Get into a daily habit of journaling your feelings, daydreams, and fantasies. You might be thinking: I don't have time for this! And it's true, many of us lead extremely busy lives and simply do not have a lot of extra time. But this type of journaling does not require a lot of extra time. Don't feel as if you need to record every event or thought of the day.

Simply jot down a paragraph or two (usually in the evening just before bed), describing any feelings, fantasies, or interesting thoughts you experienced that day. Even just a few words or key phrases will help trigger your memory of an idea or feeling you may want to explore later on. You will be rewarded with deep insights into your patterns and life processes when you connect your journal information to the issues being brought up in your dreams.

Dreams are internal manifestations of our thoughts, hopes, fears, and conflicts. They provide us with a stage upon which to examine our issues from the various viewpoints of our self-segments, and, most important, they often offer us creative solutions to dilemmas -- solutions that have eluded our conscious mind.

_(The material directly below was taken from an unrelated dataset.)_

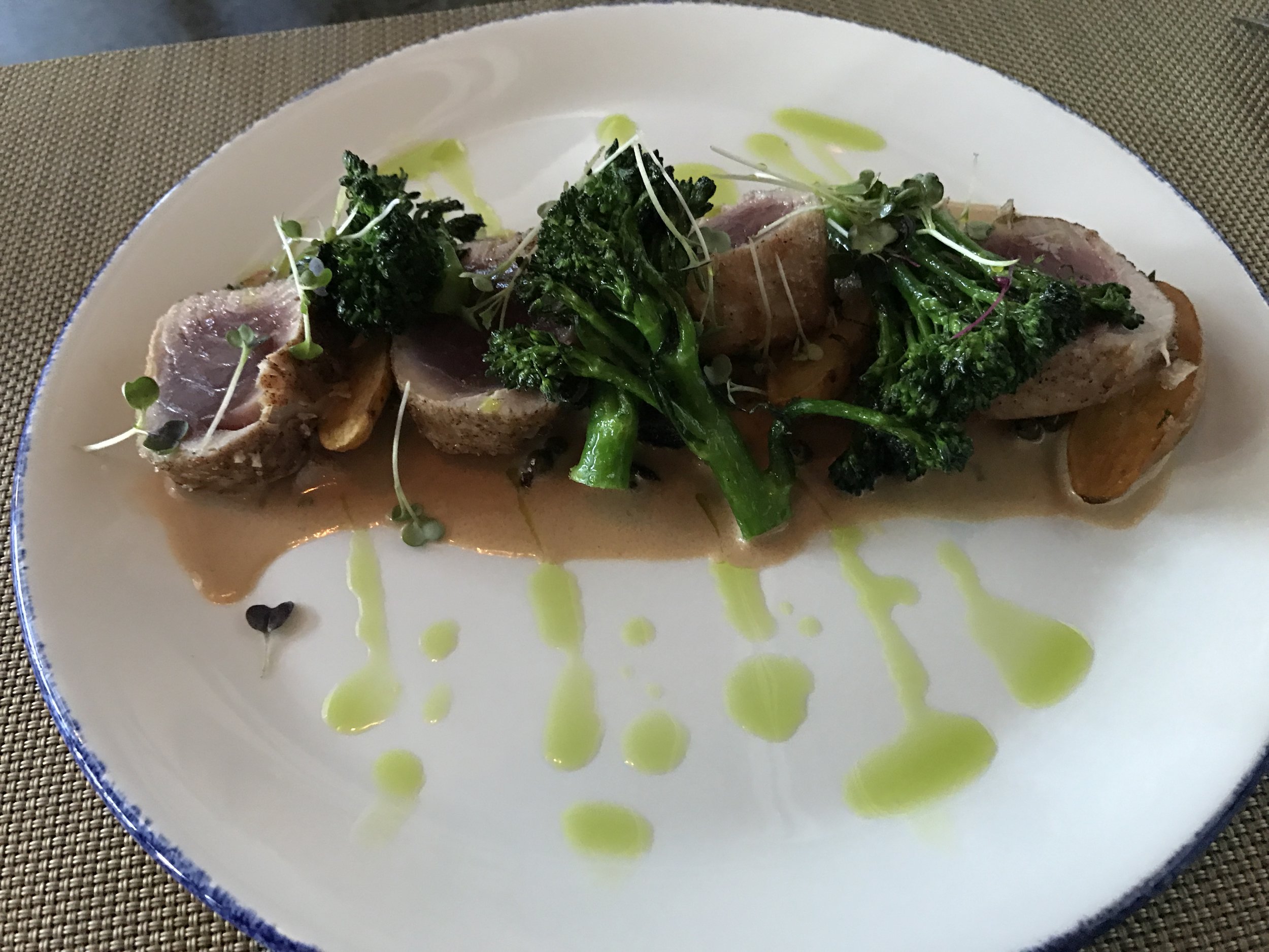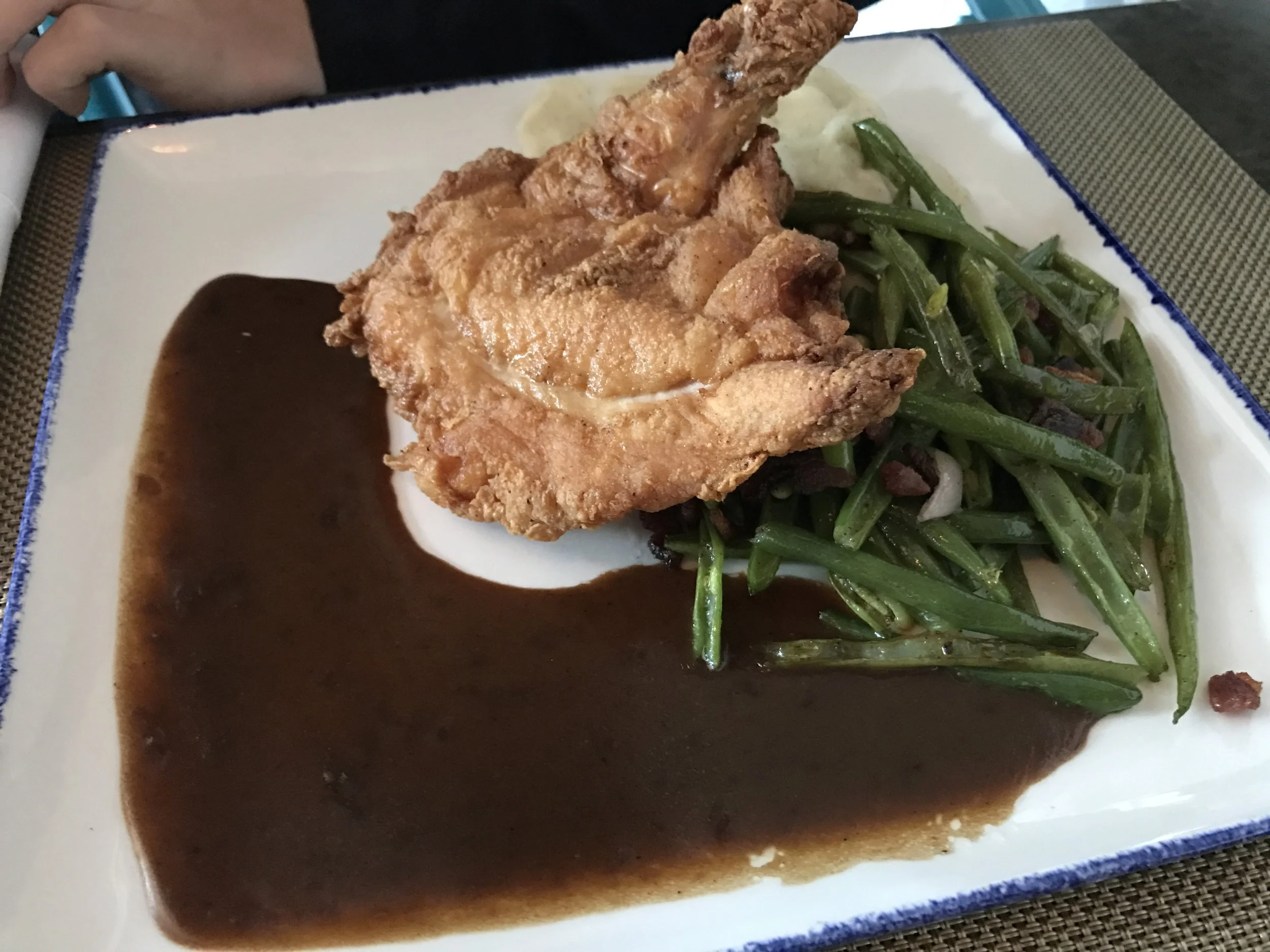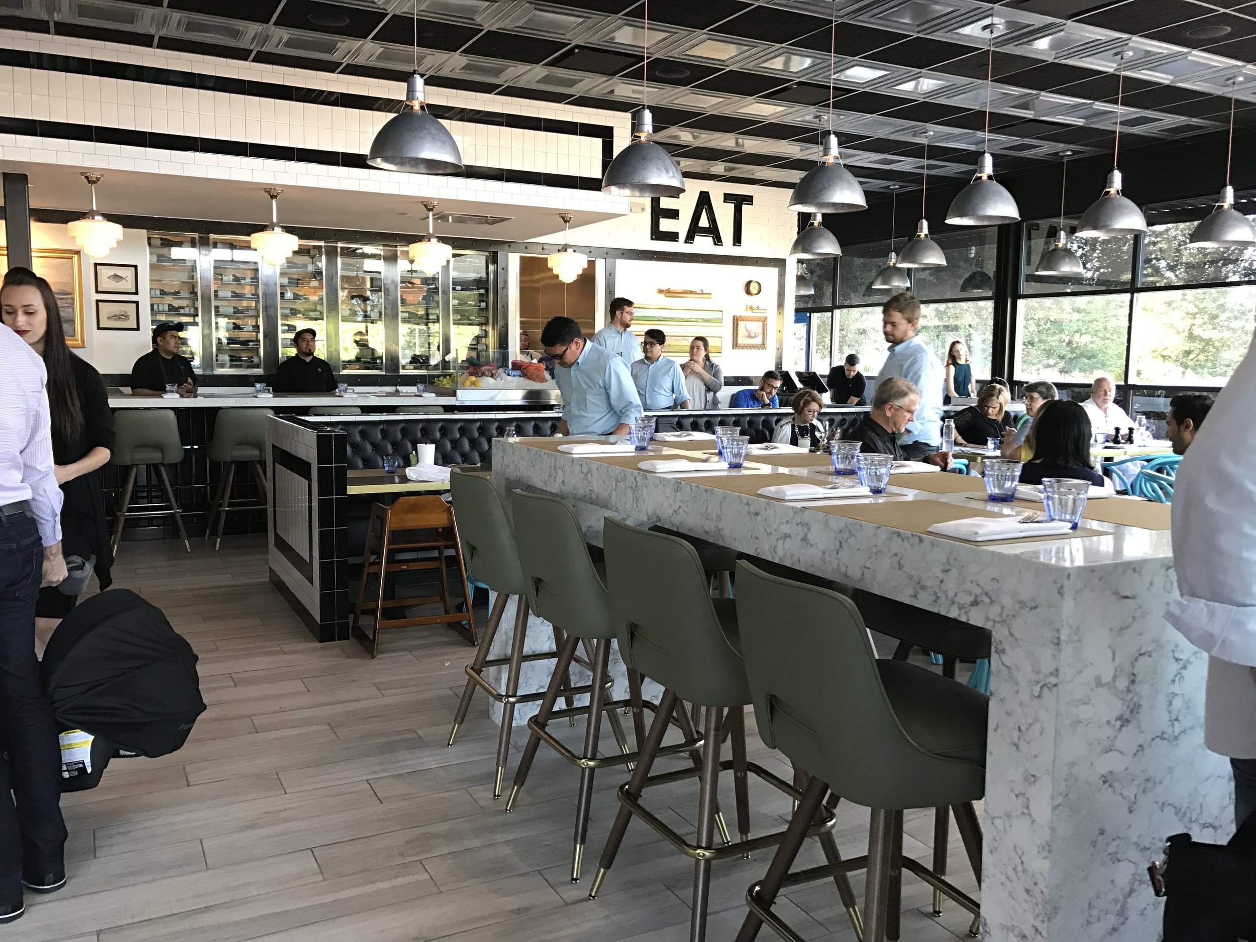 It's new, 3 weeks new, in the old Bradley's Fine Diner spot. Nice and bright, lots of natural sunlight. On walking in decor does look similar to some of their other restaurants, Liberty Kitchen group, or members/former members. We ordered a dozen of Atlantic oysters, fresh and delish, but I wished the horseradish was stronger. I was glad they brought out crackers too! I told our server I was a lightweight and like girlie drinks, he recommended the Celtic Kavanagh, which I got. Huge isn't it?! Matt had to help me finish it, I was starting to turn beet red! On food, I ordered the Ahi Tuna Steak which was real nice, Matt got the Lamb tasty and the side that came with it was real substantive, I liked that a lot! And Ethan got the Fried Chicken, which had a different flavor to it and overall tasted great! We all got our own dessert too, which is very unlike us! If we liked the restaurant if we get dessert, but we each actually got our own! I got the Key Lime, which was mm mm mm. Matt got the Creme Brûlée Chocolate Cheesecake, and Ethan got the Bread Pudding. We all really enjoyed the food and when we were leaving the 16 year old said, "that place was really good", which isn't saying much since he's 16, but us old folks liked it too! Great dining experience! Side note, I liked how Lee came over and chatted with us and made sure he said bye when we were leaving, that was nice. Love the beard!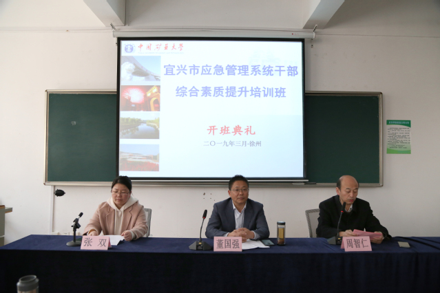 3月18日下午,宜兴市应急管理系统干部综合素质提升培训班(第一期)在中国矿业大学文昌校区开班。宜兴市应急管理局局长董国强,中国矿业大学职业与继续教育部部长、应急管理培训学院院长周智仁出席开班典礼。

Key #10. Create a Dream-Sharing Ritual

Create a morning dream ritual. Make it as simple or as complex as you choose. For example, Linda's mother created a morning dream ritual for her family simply by encouraging everyone to talk about his or her dreams during breakfast. Even if you live alone and have no built-in dream partners, you can still create meaningful rituals. One way is to bring your dreams to work and share them with an interested co-worker. You could also call or email a friend. The feedback we get from interested dream partners can provide valuable insights into our relationships and our inner psyches.

Although all the keys we have discussed are simple, they do require you to change. During your efforts to use these keys, don't become discouraged if you find it difficult to change your old habits to make time for the new activities outlined in the keys. Replacing old habits with new energy patterns is not easy. In order to be successful in changing your habits and installing a new pattern, your desire to work with your dream-self must be strong. The good news is that once you do establish a new pattern, it will become easier and easier for that pattern to take hold. Eventually it will become automatic, and you will gain all the benefit without great effort.